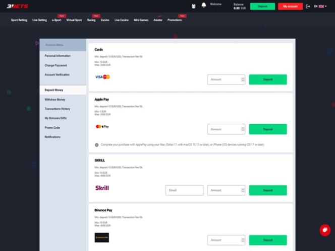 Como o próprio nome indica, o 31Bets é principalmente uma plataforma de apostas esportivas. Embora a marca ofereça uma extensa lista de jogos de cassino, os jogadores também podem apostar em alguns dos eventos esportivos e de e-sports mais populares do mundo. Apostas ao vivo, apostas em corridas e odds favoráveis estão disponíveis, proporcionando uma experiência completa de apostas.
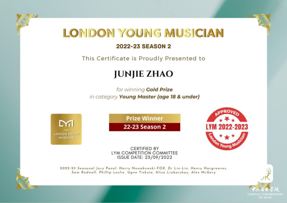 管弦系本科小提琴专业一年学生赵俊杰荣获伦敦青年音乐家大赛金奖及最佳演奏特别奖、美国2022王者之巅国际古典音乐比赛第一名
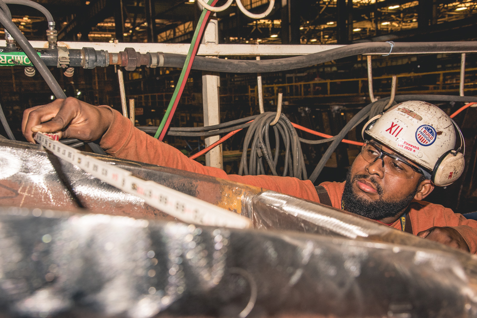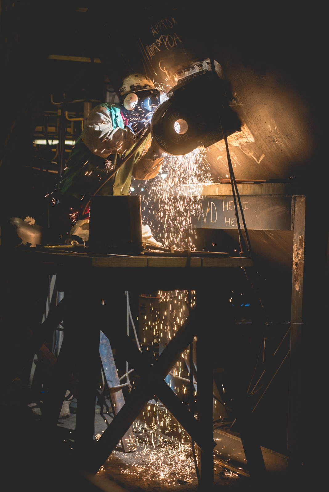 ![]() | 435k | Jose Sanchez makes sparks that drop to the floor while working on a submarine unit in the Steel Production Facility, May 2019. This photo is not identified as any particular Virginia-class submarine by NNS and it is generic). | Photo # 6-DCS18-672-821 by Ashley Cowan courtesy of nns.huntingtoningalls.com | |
━━━━
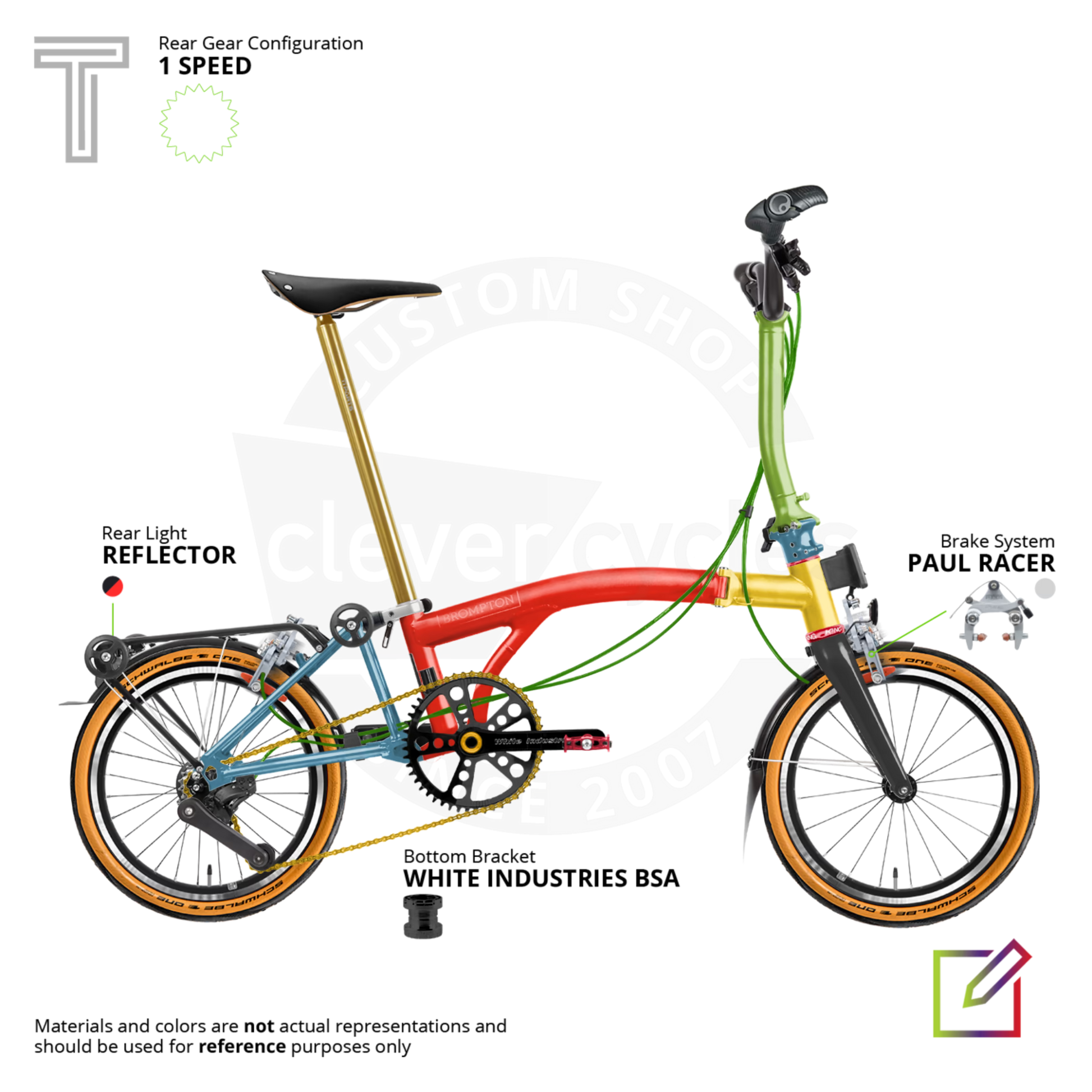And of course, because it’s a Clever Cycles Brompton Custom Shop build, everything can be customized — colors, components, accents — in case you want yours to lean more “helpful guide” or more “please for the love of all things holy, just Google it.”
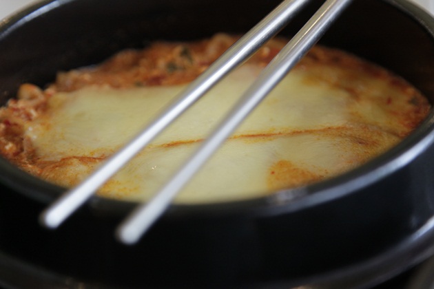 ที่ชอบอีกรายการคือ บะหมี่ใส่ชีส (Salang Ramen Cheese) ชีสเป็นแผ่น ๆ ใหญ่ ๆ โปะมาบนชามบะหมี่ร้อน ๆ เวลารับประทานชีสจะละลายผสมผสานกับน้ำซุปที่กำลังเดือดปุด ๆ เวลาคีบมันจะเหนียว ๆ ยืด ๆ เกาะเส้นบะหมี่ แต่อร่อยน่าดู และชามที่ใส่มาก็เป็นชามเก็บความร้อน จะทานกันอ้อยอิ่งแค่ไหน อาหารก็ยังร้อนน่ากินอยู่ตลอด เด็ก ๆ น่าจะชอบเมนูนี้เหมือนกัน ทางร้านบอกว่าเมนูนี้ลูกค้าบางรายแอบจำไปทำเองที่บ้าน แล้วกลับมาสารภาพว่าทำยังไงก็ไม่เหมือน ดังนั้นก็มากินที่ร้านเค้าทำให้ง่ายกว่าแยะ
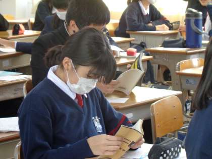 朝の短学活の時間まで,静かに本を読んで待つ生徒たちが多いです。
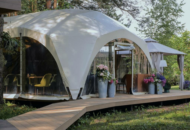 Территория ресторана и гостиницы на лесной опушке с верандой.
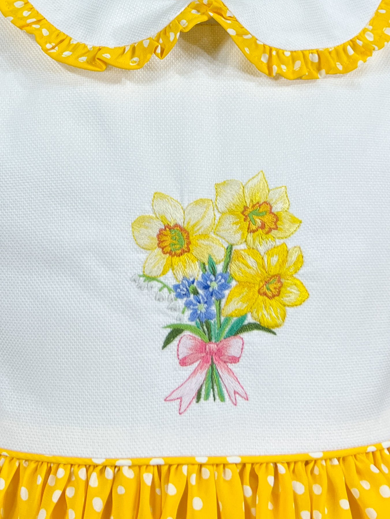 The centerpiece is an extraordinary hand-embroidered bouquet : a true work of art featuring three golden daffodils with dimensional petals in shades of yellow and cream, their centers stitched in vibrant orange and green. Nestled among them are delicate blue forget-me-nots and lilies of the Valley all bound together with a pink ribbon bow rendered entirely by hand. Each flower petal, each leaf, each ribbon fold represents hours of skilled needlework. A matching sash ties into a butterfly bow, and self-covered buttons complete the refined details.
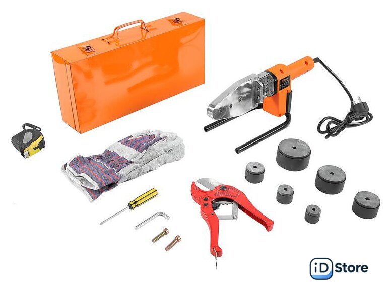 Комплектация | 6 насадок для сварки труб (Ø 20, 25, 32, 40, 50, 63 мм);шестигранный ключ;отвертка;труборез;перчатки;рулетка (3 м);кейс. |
━━━━
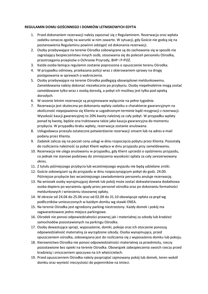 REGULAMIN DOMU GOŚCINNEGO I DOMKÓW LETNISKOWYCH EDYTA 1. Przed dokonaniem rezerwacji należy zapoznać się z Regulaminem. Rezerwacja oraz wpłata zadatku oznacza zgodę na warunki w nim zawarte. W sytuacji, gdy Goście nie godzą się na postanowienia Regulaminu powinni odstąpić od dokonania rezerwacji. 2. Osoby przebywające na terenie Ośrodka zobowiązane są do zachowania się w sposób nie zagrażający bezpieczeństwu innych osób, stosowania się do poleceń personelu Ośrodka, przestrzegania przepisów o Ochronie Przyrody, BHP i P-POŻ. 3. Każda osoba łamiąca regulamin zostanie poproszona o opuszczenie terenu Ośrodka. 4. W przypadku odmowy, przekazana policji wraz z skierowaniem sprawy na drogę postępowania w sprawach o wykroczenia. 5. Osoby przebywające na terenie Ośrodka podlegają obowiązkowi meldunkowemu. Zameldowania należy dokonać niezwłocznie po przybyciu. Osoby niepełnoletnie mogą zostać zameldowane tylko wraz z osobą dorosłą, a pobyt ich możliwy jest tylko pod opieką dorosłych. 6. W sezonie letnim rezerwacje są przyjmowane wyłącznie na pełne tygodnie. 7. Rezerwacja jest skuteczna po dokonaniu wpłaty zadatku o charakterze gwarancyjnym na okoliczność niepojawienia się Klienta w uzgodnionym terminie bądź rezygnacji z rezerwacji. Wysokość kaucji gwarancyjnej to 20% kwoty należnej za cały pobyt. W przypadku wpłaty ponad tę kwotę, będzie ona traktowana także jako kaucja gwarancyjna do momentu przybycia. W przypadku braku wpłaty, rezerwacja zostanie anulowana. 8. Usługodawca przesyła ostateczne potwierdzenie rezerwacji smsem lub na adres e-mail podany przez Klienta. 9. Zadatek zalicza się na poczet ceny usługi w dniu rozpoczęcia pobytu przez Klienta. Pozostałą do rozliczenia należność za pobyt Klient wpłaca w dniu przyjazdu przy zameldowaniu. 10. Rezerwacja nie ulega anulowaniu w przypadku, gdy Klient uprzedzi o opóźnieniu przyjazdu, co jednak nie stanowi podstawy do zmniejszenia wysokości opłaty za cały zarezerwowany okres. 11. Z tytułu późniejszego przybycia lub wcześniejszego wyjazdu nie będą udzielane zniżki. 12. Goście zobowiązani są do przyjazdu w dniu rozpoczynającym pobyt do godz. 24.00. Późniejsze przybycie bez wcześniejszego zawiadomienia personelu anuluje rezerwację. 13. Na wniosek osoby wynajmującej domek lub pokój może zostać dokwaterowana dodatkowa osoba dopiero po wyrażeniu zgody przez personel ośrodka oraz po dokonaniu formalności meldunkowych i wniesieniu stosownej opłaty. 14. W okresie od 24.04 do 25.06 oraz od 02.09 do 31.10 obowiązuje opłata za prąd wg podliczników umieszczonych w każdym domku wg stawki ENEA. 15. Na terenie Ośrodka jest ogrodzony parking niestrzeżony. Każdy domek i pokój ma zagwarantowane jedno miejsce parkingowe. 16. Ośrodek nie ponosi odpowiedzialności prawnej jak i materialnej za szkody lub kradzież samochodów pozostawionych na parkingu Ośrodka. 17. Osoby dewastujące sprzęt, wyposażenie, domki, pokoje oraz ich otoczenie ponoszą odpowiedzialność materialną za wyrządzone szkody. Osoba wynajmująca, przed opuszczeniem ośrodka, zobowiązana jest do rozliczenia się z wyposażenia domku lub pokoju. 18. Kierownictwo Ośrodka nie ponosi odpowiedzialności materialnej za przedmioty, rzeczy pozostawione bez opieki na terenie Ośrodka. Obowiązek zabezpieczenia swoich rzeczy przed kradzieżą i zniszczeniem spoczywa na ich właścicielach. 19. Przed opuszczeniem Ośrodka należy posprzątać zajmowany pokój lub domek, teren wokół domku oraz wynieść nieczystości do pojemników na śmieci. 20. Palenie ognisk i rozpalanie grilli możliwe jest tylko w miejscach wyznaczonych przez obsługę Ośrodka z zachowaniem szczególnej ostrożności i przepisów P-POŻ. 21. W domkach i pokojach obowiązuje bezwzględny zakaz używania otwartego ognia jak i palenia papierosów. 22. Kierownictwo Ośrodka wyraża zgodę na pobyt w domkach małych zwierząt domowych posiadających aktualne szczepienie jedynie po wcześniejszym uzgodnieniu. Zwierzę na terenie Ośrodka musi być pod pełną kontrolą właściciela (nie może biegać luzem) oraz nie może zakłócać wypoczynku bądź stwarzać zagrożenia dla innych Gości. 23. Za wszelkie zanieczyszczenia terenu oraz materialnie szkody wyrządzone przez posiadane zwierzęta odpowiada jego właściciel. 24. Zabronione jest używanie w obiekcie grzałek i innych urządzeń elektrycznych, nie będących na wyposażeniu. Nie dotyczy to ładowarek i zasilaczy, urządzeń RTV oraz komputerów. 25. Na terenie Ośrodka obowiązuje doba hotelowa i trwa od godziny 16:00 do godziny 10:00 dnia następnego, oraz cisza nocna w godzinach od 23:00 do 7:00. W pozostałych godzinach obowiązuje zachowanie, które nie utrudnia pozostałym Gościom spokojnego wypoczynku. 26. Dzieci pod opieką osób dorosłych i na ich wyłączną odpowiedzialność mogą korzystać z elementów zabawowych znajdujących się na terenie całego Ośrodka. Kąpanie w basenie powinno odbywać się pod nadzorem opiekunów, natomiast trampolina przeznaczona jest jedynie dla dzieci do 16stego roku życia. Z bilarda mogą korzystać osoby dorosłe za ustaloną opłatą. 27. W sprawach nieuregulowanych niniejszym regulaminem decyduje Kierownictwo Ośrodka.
━━━━
Exercise description
Everything above from the line that has "Como o próprio" down to the line that has "nns.huntingtoningalls.com | |" should be output exactly, with both of those lines included. Leave the pictures behind.

Result of the task
 Como o próprio nome indica, o 31Bets é principalmente uma plataforma de apostas esportivas. Embora a marca ofereça uma extensa lista de jogos de cassino, os jogadores também podem apostar em alguns dos eventos esportivos e de e-sports mais populares do mundo. Apostas ao vivo, apostas em corridas e odds favoráveis estão disponíveis, proporcionando uma experiência completa de apostas.
 管弦系本科小提琴专业一年学生赵俊杰荣获伦敦青年音乐家大赛金奖及最佳演奏特别奖、美国2022王者之巅国际古典音乐比赛第一名
 ![]() | 435k | Jose Sanchez makes sparks that drop to the floor while working on a submarine unit in the Steel Production Facility, May 2019. This photo is not identified as any particular Virginia-class submarine by NNS and it is generic). | Photo # 6-DCS18-672-821 by Ashley Cowan courtesy of nns.huntingtoningalls.com | |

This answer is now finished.